§ PROBLEM TO SOLVE: Copy, word for word, the opening line of the data and each line after it until the line that contains "ಪ್ರಧಾನಿ ಮೋದಿ ಸಲ್ಲಿಸಿರುವ", which is included. Leave the pictures out.

:: AVAILABLE DATA ::

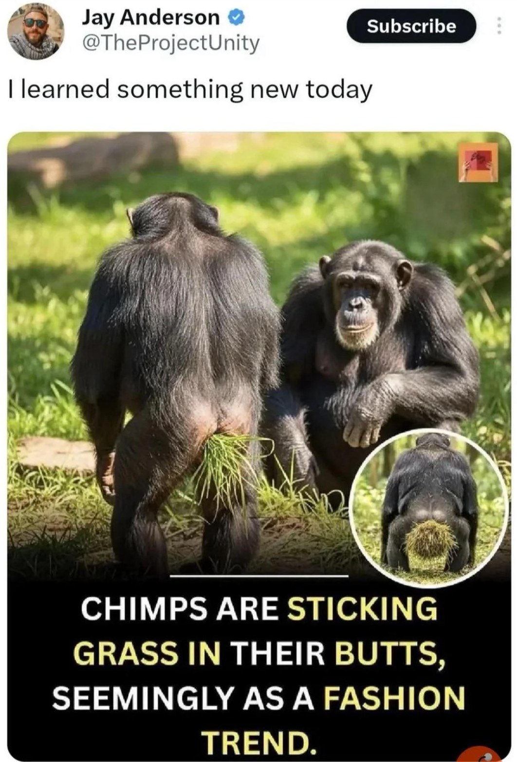 Some chimp, “I bet you can’t stick grass up your bunghole.” Some other chimp, “oh yeah, hold my banana, watch this.” Doubtless.
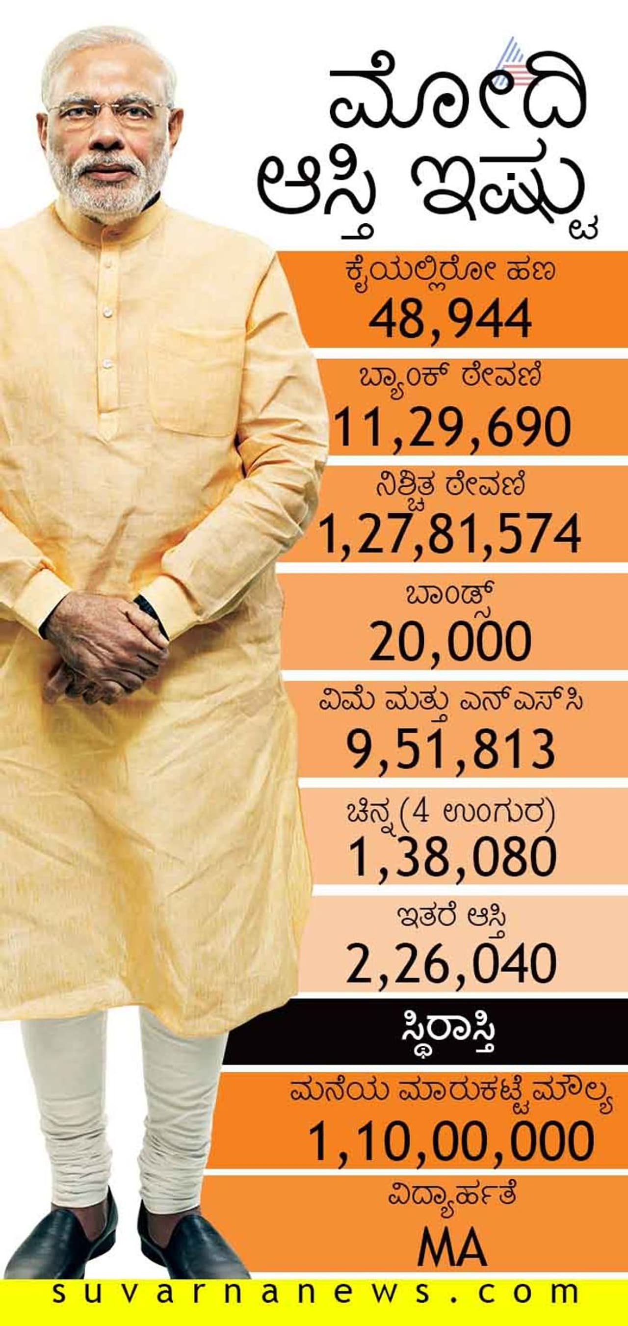 ಪ್ರಧಾನಿ ಮೋದಿ ಸಲ್ಲಿಸಿರುವ ವಿವರ ಇಂತಿದೆ:
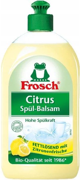 FROSCH ecologial 500ml cytrynowy płyn do mycia naczyń Ekologiczny płyn do naczyń o zapachu cytrynowym Nasz ekologiczny płyn do naczyń o zapachu cytrynowym to doskonałe rozwiązanie dla wszystkich, którzy pragną utrzymać swoje naczynia lśniąco czyste. Zawiera on wyciąg ze skórek cytryny, który skutecznie usuwa tłuszcz i inne zanieczyszczenia. Dzięki neutralnemu pH produkt jest delikatny dla skóry i nie powoduje jej wysuszenia. Pozostawia lśniąco czyste naczynia Działanie naszego płynu sprawi, że Twoje naczynia będą błyszczeć czystością. Skutecznie usuwa tłuszcz oraz wszelkie zabrudzenia, pozostawiając jednocześnie przyjemny zapach cytrynowy. Nie musisz się martwić o trudne plamy czy brudne talerze - ten płyn poradzi sobie z każdym zadaniem. Chroni skórę przed wysuszeniem Pielęgnacja rąk podczas mycia naczyń jest równie ważna jak sam proces czyszczenia. Nasz płyn został stworzony tak, aby chronić Twoją skórę przed nadmiernym wysuszeniem. Dzięki temu możesz cieszyć się pięknie umytymi naczyniami bez obawy o szorstkie i spierzchnięte dłonie. Produkt ekologiczny i dermatologicznie testowany Nasz płyn do naczyń został przyjazny dla środowiska, dzięki czemu możesz mieć pewność, że korzystając z niego, dbasz również o naszą planetę. Dodatkowo produkt jest dermatologicznie testowany, co oznacza, że utrzymuje odpowiednie nawilżenie skóry podczas codziennego użytkowania. Wybierz nasz ekologiczny płyn do naczyń i ciesz się lśniąco czystymi naczyniami bez obawy o swoje zdrowie i środowisko. Uwaga! Zdjęcie poglądowe. Grafika na opakowaniu może różnić się względem zdjęć w zależności od partii.
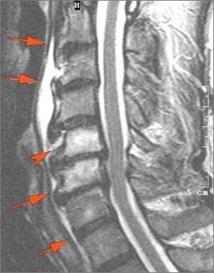 There is edema/abscess within in the prevertebral or paravertebral spaces. |
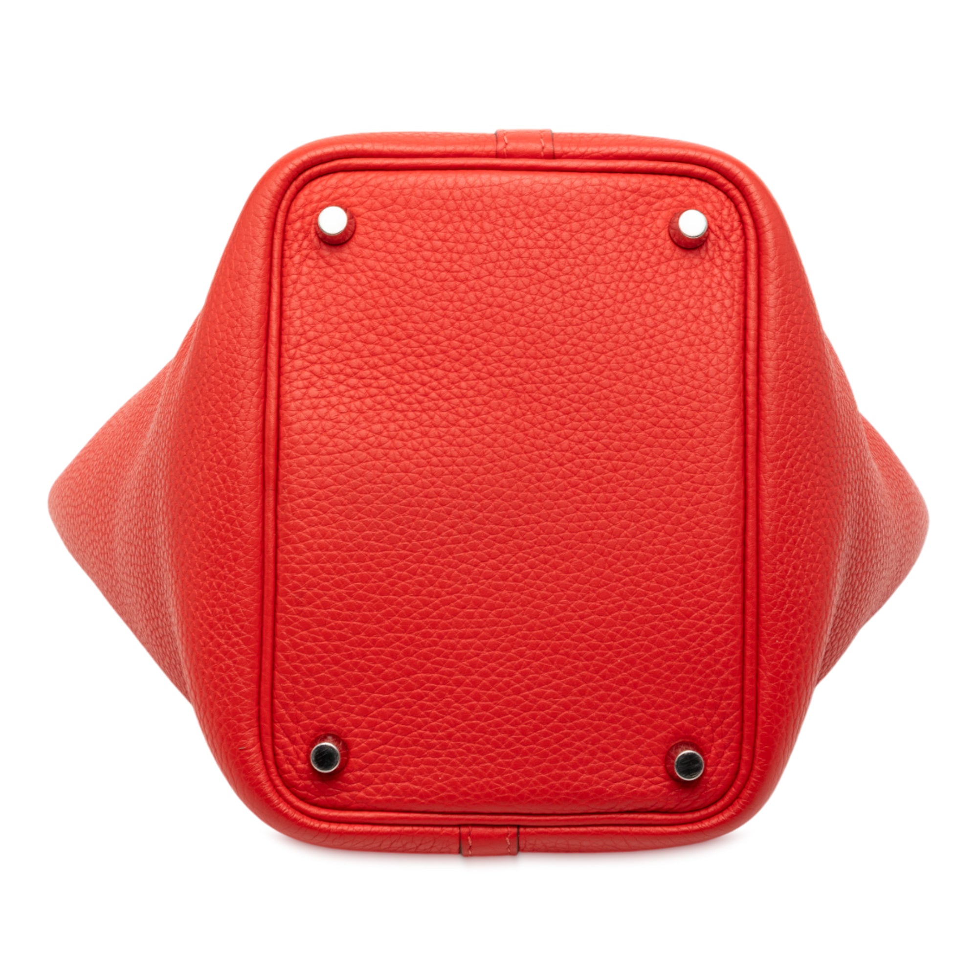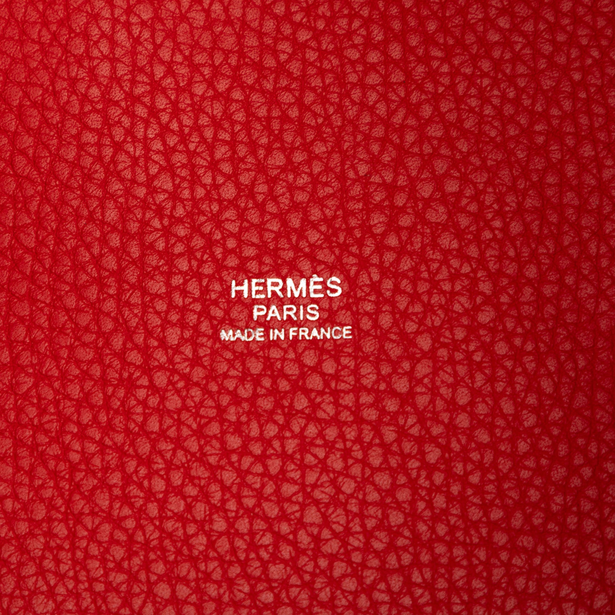 This Picotin Lock 18 features a Clemence leather body in Rouge Casaque color, leather flat handle, and a top flat strap with buckle closure. Retail Price: 3853.00
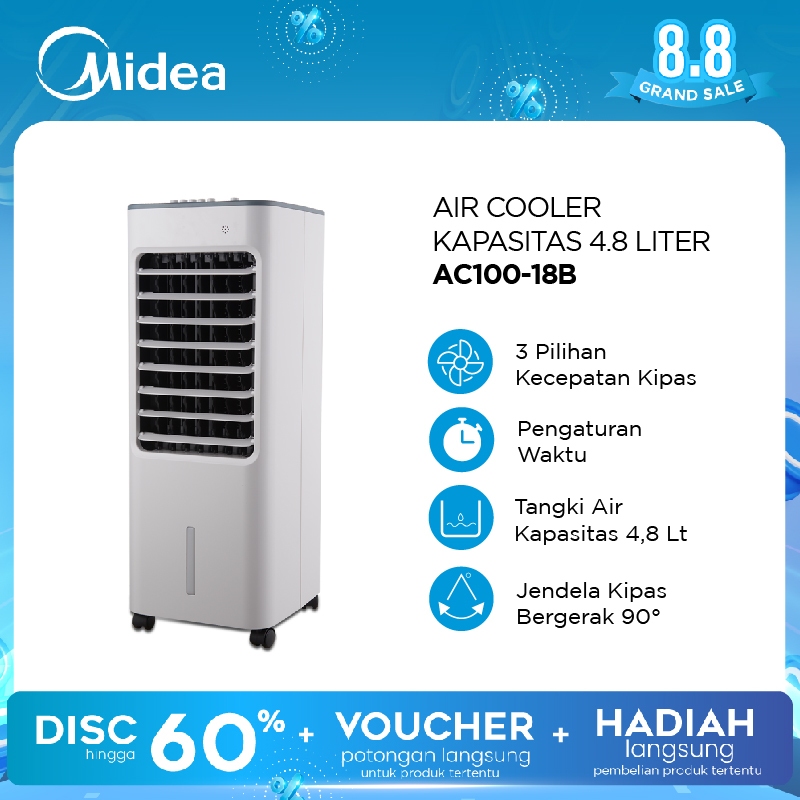 Midea Air Cooler Pendingin Ruangan Low watt 4.8 Liter AC100-18B/ Air Cooler 6.0 Liter AC100-A
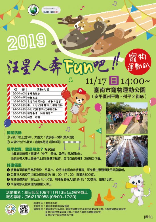 11/17 (日)下午 2:00 於安平區寵物運動公園舉辦寵物運動趴,報名專線( 06 ) 2130958 (額滿為止),參賽即贈實用好禮,詳情請見臺南市動保處網站,歡迎踴躍報名!
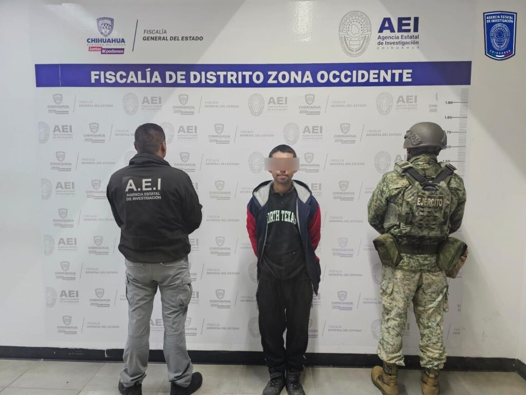 Elementos de la Agencia Estatal de Investigación y del Ejército Mexicano que participan en el Operativo Conjunto implementado en el seccional de Anáhuac, municipio de Cuauhtémoc, detuvieron a dos masculinos por posesión de droga.
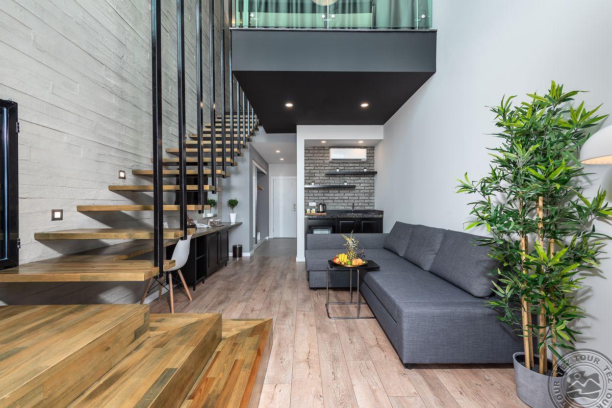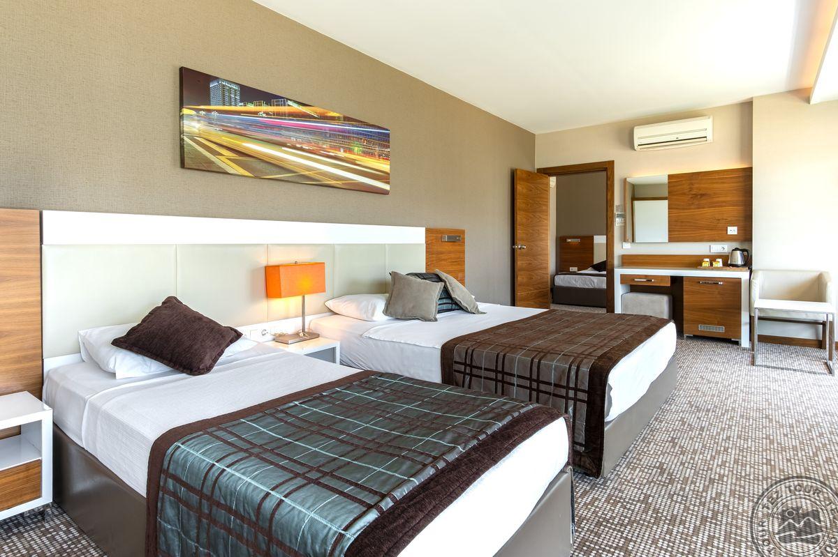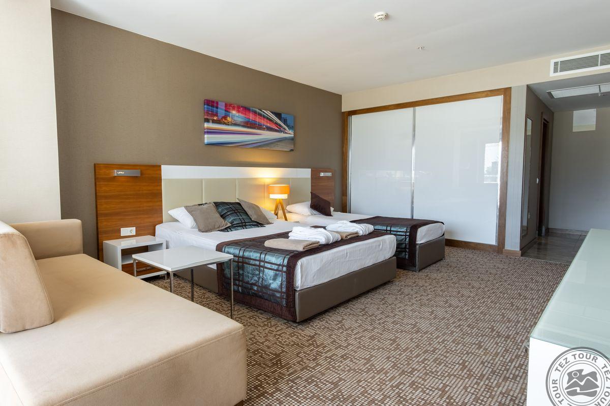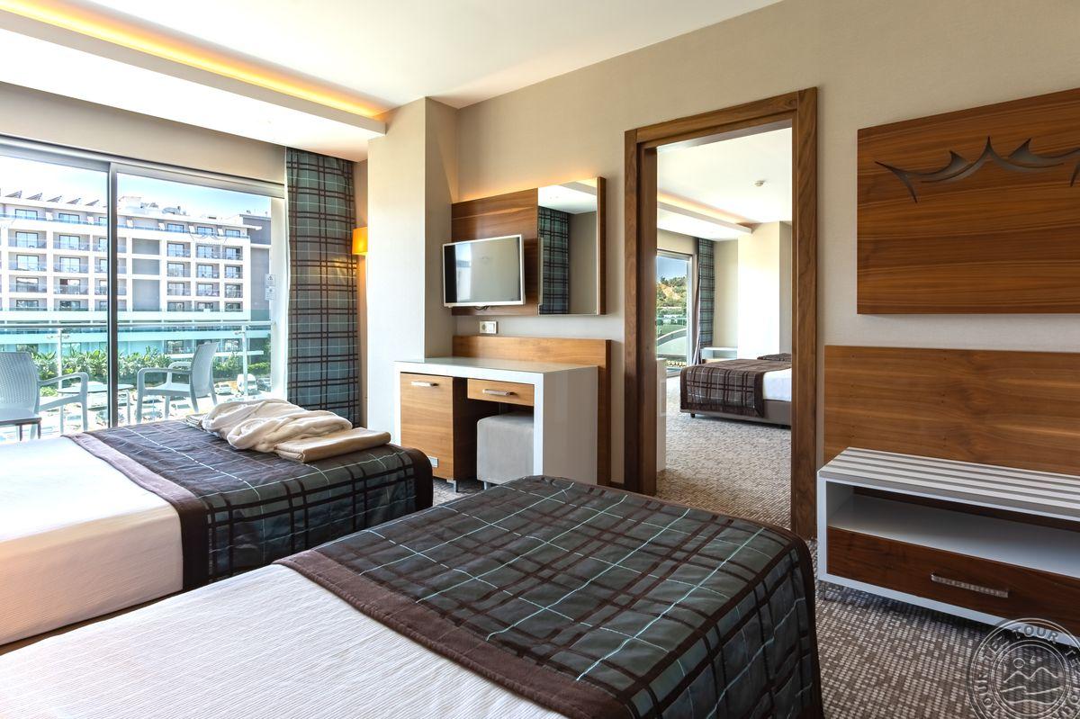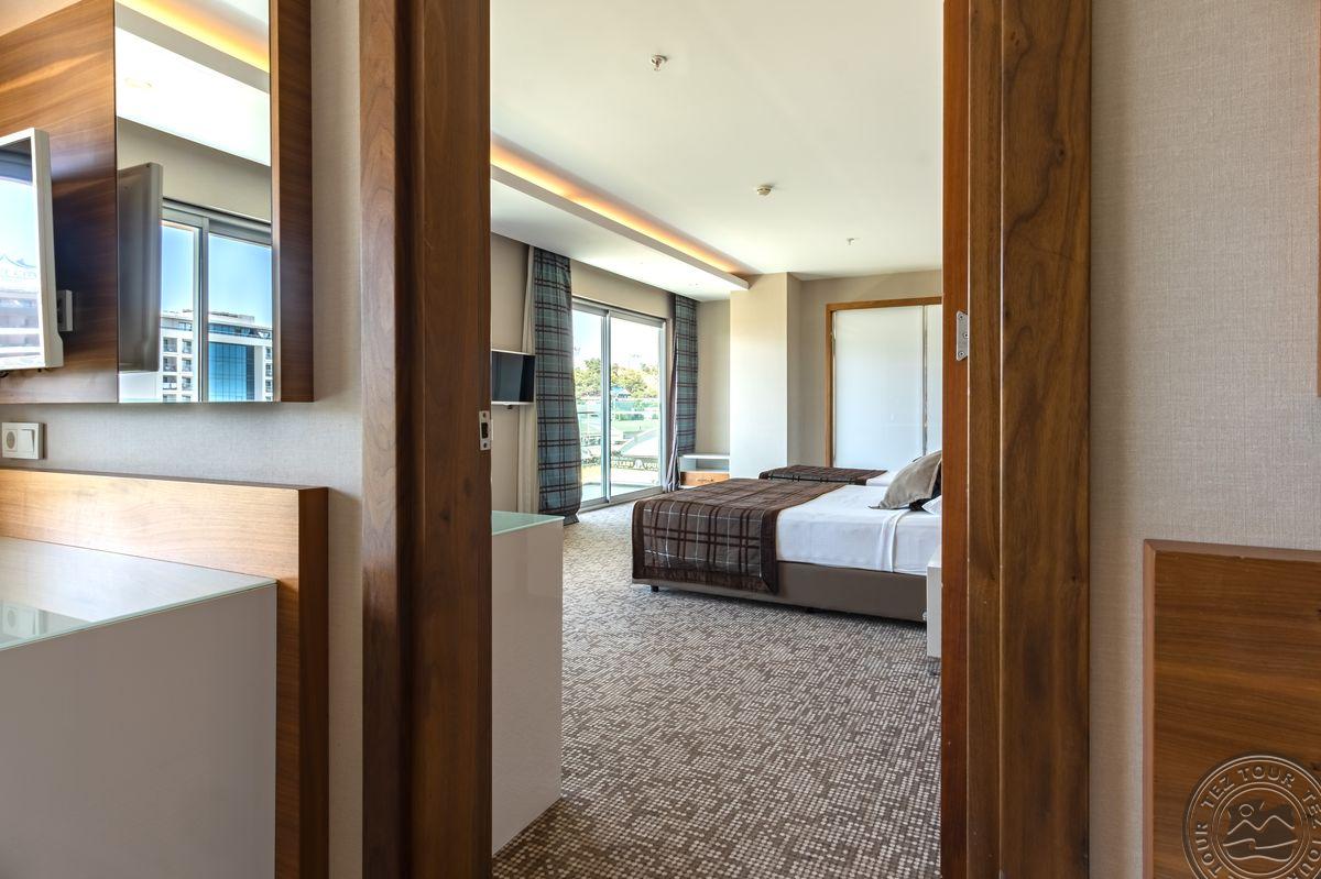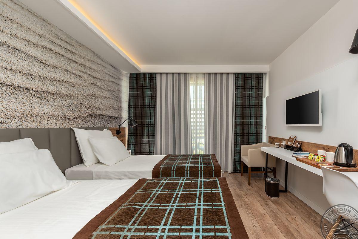 14 dviejų kambarių family rooms tipo numeriai (2 miegamieji atskirti durimis, maks. 6 asm., 56 m2).

:::

§ TASK SOLUTION:
 Some chimp, “I bet you can’t stick grass up your bunghole.” Some other chimp, “oh yeah, hold my banana, watch this.” Doubtless.
 ಪ್ರಧಾನಿ ಮೋದಿ ಸಲ್ಲಿಸಿರುವ ವಿವರ ಇಂತಿದೆ:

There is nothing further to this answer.